Abstract
Long inverted repeats (LIRs) are evolutionarily and functionally important structures in genomes because of their involvement in RNA interference, DNA recombination, and gene duplication. Identification of LIRs is highly complicated when mismatches and indels between the repeats are permitted. Long inverted repeat explorer (Lirex) was developed and introduced in this report. Written in Java, Lirex provides a user-friendly interface and allows users to specify LIR searching criteria, such as length of the region, as well as pattern and size of the repeats. Recombinogenic LIRs can be selected on the basis of mismatch rate and internal spacer size from identified LIRs. Lirex, as a cross-platform tool to identify LIRs in a genome, may assist in designing following experiments to explore the function of LIRs. Our tool can identify more LIRs than other LIR searching tools. Lirex is publicly available at http://124.16.219.129/Lirex.
Keywords: Lirex, Inverted repeats, Recombination, Stem-loop, Mismatch rate
Introduction
Inverted repeats are reversely complementary sequences that are located adjacent to each other and mostly separated by an internal spacer in a genome. In single-stranded DNA or RNA, the inverted repeats may form a palindrome or a stem-loop structure. Mismatches between the repeats and the size of loop may affect stability of the stem-loop. Long inverted repeat (LIR) has >30 bp in length [1]. The significance of LIRs in genomes is reflected by their capacity of inducing DNA recombination [2], by their relatedness to gene deletion and amplification [3], [4], [5], and by their involvement in RNA interference [6], [7]. When a stem-loop structure is formed in mRNA by an LIR, the long and stable stem could be processed by Dicer to produce microRNAs (miRNAs) [8]. At present, there are approximately 2000 annotated miRNA genes (http://www.mirbase.org) [9]. The evolutionary significance of the LIRs in primates is still under hot debate.
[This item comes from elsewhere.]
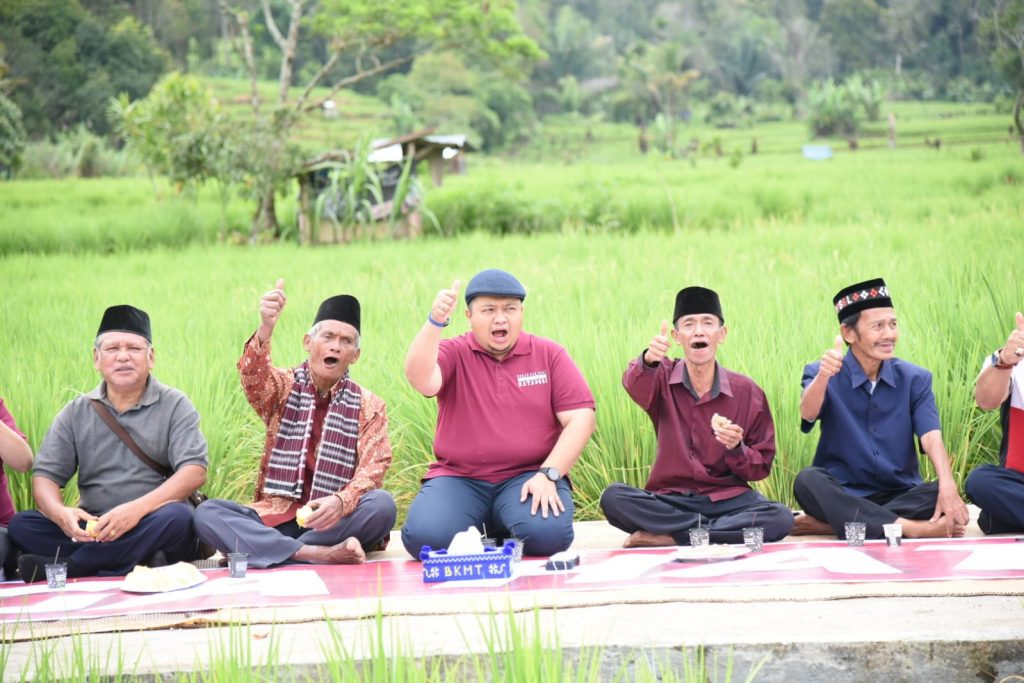 TAPSEL-Ditengah hamparan sawah, Bupati Tapanuli Selatan (Tapsel) H Dolly Pasaribu "Ngopi Bareng" bersama masyarakat adat HATABOSI di Dusun Bonan Dolok, Desa Tanjung Dolok, Kecamatan Marancar, Kabupaten Tapsel, Jumat (14/10).

A previous study has identified primate-specific LIRs in long introns of the genes that are involved in development of nervous systems and detoxification in humans [10]. Some of them are suggested to be inducers of cancers [11], [12]. Thus, the functions of LIRs in humans are far more important than previously thought. It is likely that plenty of regulatory elements are hidden in intronic regions of primate genomes but have not been identified yet.
Several tools are available for searching LIRs. These include IRF (https://tandem.bu.edu/cgi-bin/irdb/irdb.exe), detectIR [13], EMBOSS palindrome tool (http://emboss.bioinformatics.nl/cgi-bin/emboss/palindrome), as well as integrated functions in BIOPHP (http://www.biophp.org) and MATLAB (https://www.mathworks.com/products/matlab.html). IRF and detectIR allow users to find LIRs with mismatches between inverted repeats. However, these methods can only detect limited number of LIRs due to simplicity of algorithms in dealing with mismatches. In this study, we introduce Lirex, a new tool, trying to detect more possible LIRs in genomes by searching the genomes exhaustively. We hope the release of Lirex will help to discover novel LIRs across a growing number of genomes and to revisit the significance of LIRs in evolution.
Algorithm
Lirex is a Java tool and can be implemented on different systems, including Windows, Mac, and Linux. To identify an LIR, a pair of short fragments (also called “seed”) should be located in a DNA window of a defined size. Once pairing counterpart of a seed is found, both ends of the seed would be extended to search for pairing nucleotides with the counterpart (Figure 1). The inward extension terminates when there is no spacer between the seed and its pairing counterpart. One mismatch or insertion/deletion (indel) is permitted if subsequent pairing allows the extension to continue. There is no length limitation for outward extension until it is terminated by two continuous mismatches or indels. If the seed is extended to >30 bp, GC content and mismatch rate (N/L; N refers to the number of mismatches and L represents the length of stem) of the seed will be calculated. GC content is calculated to exclude the low complexity LIRs like (TA)n. If the mismatch rate is <15% (i.e., identity of repeats >85%) and GC content is >20%, a primary LIR is identified (Figure 1). Then a new round of search starts by positioning a new pairing oligonucleotide for the seed of the previous primary LIR at the 3′ downstream of the previous internal spacer. When the previous internal spacer is <5 bp, the sliding window will move to the 3′ end of the previous LIR and start a new round of LIR search.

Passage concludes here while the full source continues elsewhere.